Microsoft and the Linux Foundation have penned a joint letter to the American Law Institute, in opposition to its proposal to create an implied warranty that software goods ship with “no material defects”.
The odd coupling between the openista group and software multinational came about over a common beef the two parties had with the ALI.
In the letter, dated 14 May, Microsoft and the Linux Foundation asked the ALI “to delay adoption of its Principles of the Law of Software Contracts… to allow for wider consultation with affected parties, including developers and distributors of software.”

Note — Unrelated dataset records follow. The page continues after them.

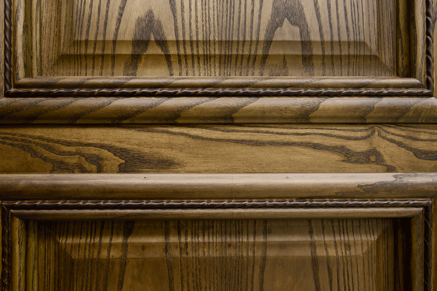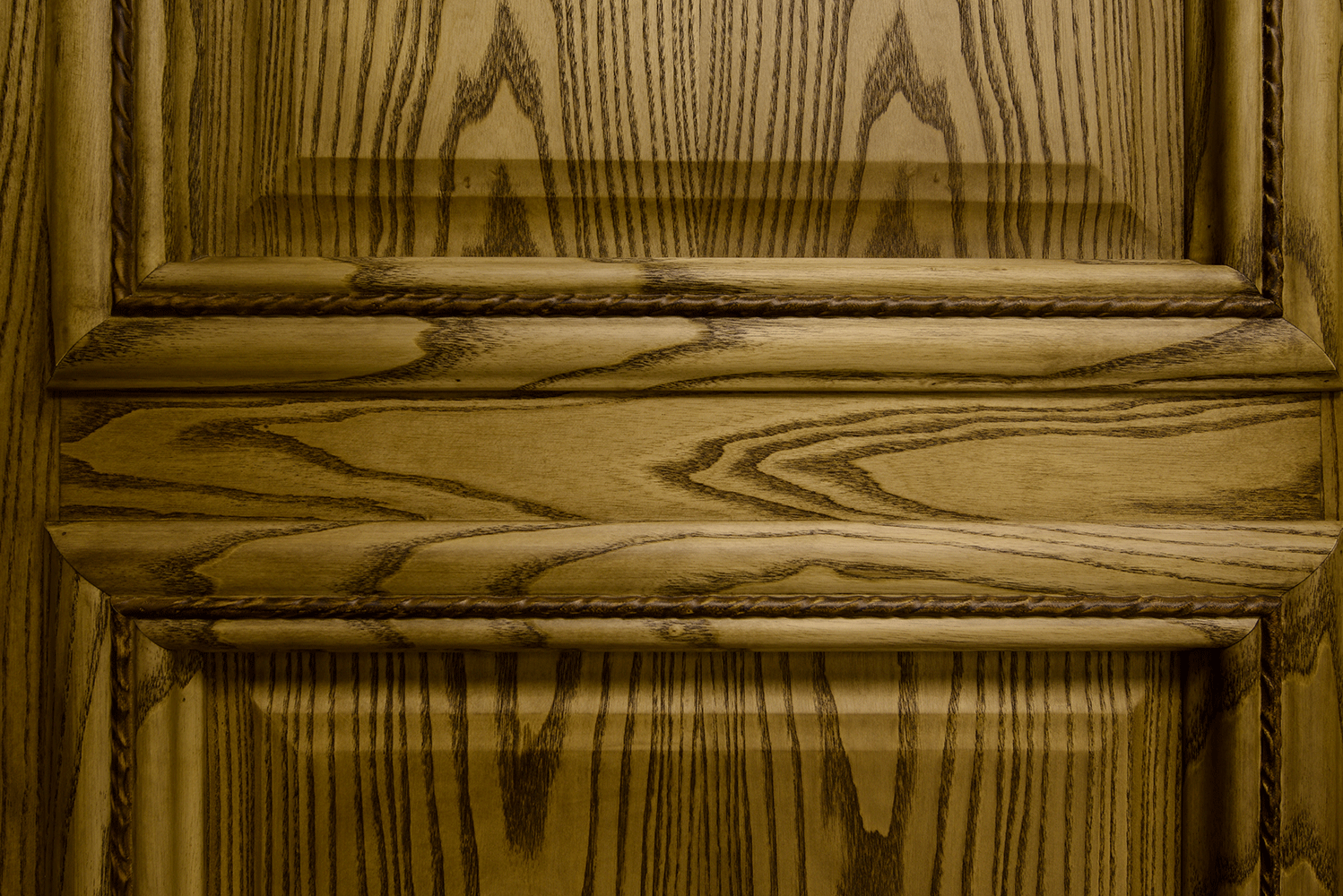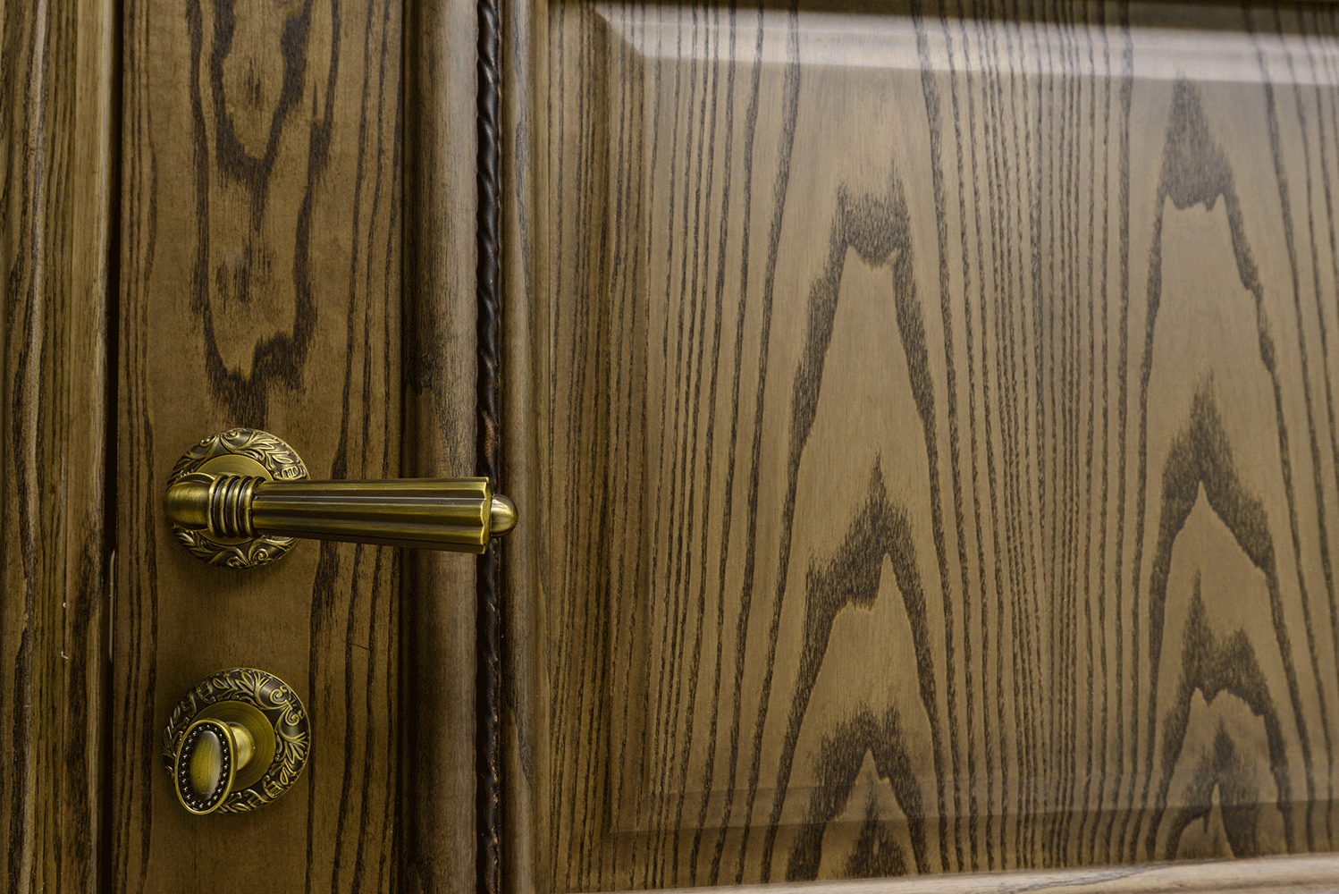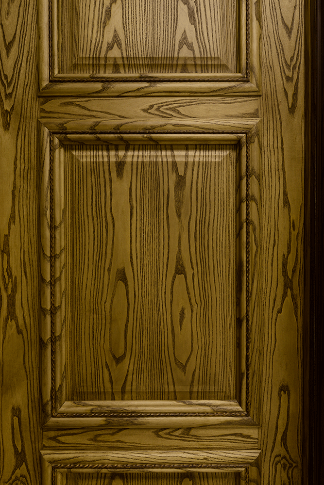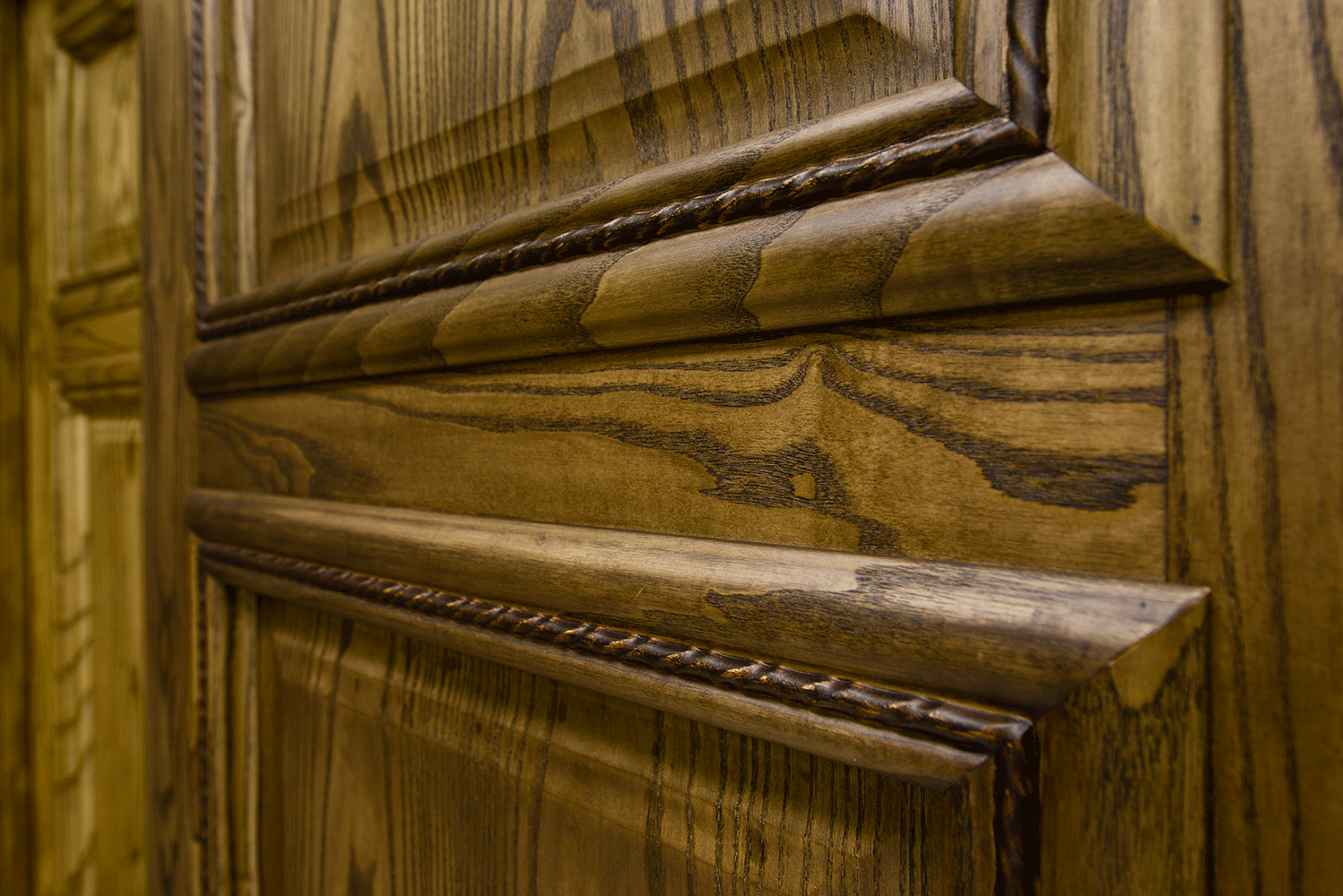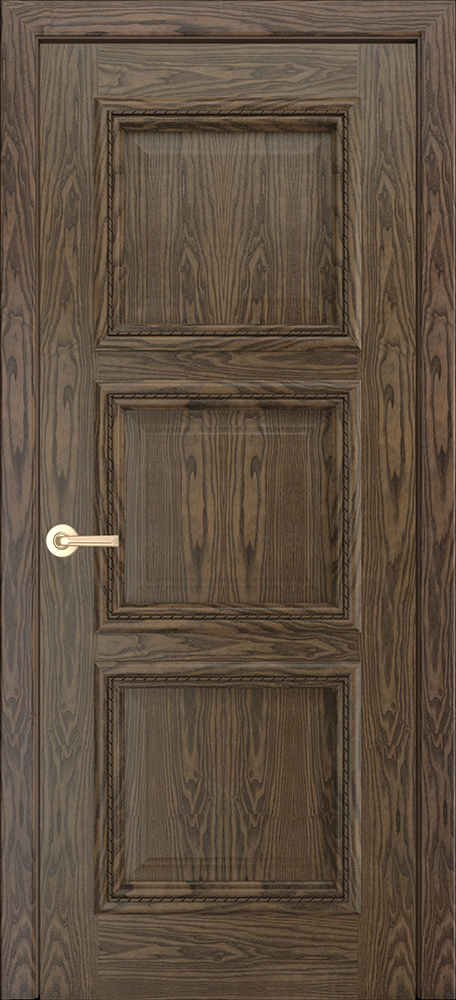 Каркас двери изготовлен из массива сосны, филенки - МДФ, покрытие - натуральный шпон. Наличник - фрезерованный, телескопический, ширина - 80 мм.
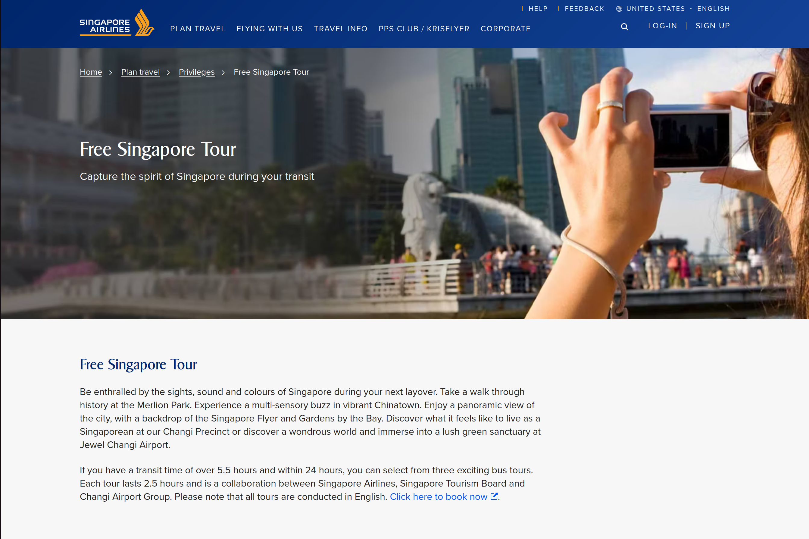 For instance, Singapore airline offers free transit tour for passenges with a transit time of over 5.5 hours and within 24 hours.
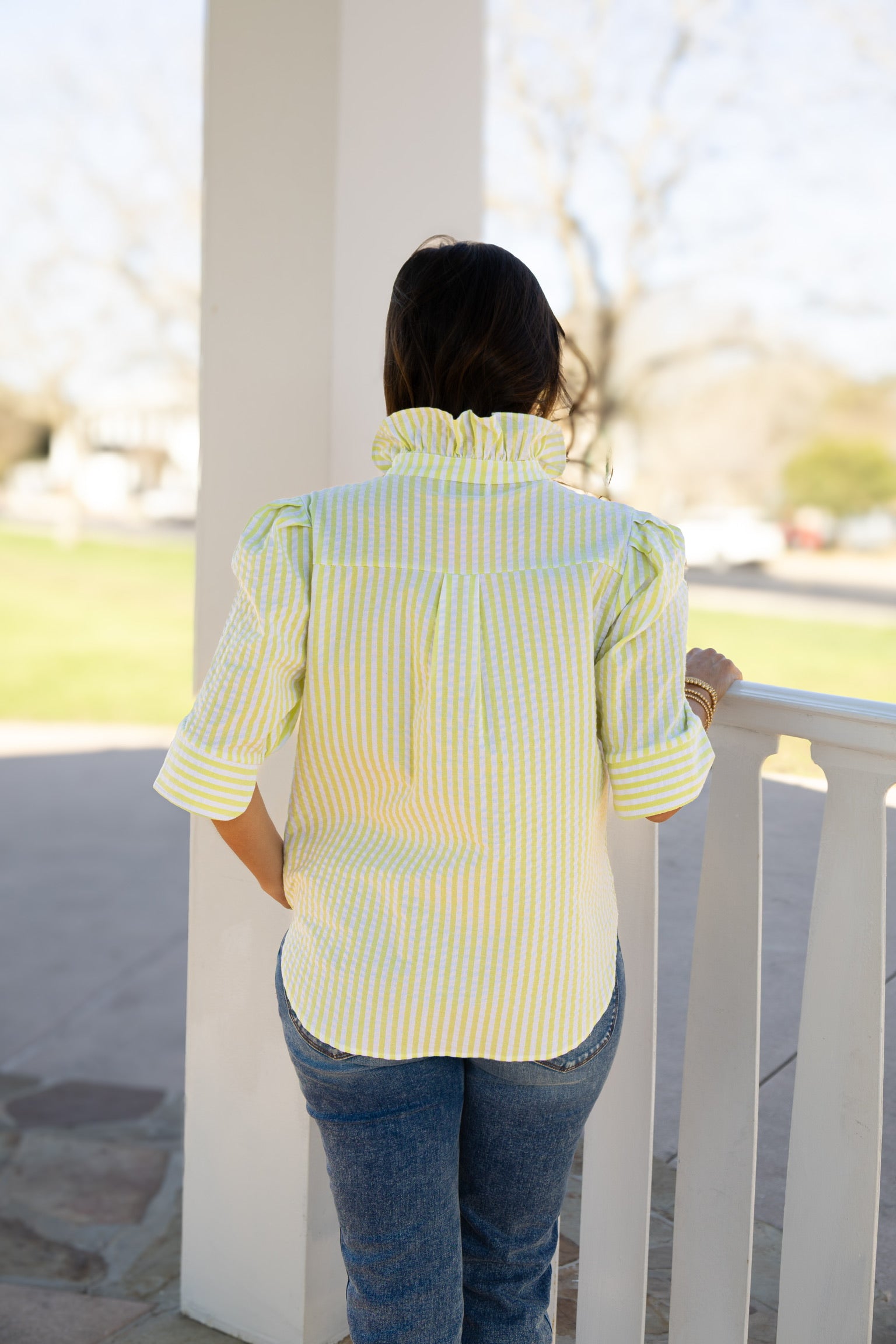 Add some whimsy to your wardrobe with our Lime Seersucker Top. With its playful light green seersucker fabric and fun ruffled collar, this top is perfect for any occasion. Stay stylish and comfortable with this unique piece.

The proposals outlined by the ALI “interfere with the natural operation of open source licenses and commercial licenses as well by creating implied warranties that could result in a tremendous amount of unnecessary litigation, which would undermine the sharing of technology,” wrote Linux Foundation executive director Jim Zemlin.
Microsoft’s deputy general counsel Horacio Gutierrez, who in the past has accused the free and open source software community of violating no less than 235 Microsoft patents, preferred to highlight the bottom line in Redmond’s argument against the ALI’s principles.
“Microsoft and the Linux Foundation believe that certain provisions do not reflect existing law and could disrupt the well-functioning software market for businesses and consumers, as well as create uncertainty for software developers,” he chimed yesterday.
Gutierrez also took the opportunity to reach out to the open source community, which in the past has given Microsoft and its locked down approach to software interoperability a frosty reception, at best.
“The mere fact that the Linux Foundation and Microsoft are joining forces may be viewed by some as remarkable, given that our differences receive far more public attention than when our interests converge,” he noted.
“I hope that this represents just one of many opportunities to collaborate with the Linux Foundation and others going forward,” said Gutierrez. “We have a lot more we can do together.”
However, the tone was markedly different earlier this year when Microsoft threw a sueball at TomTom, which was the first of its kind against a company that implements the Linux kernel in its technology.
The two firms later settled the legal dispute in a five-year agreement that will see the GPS maker pay Microsoft for coverage under the five car navigation and three file management patents cited in the February suit brought by Redmond.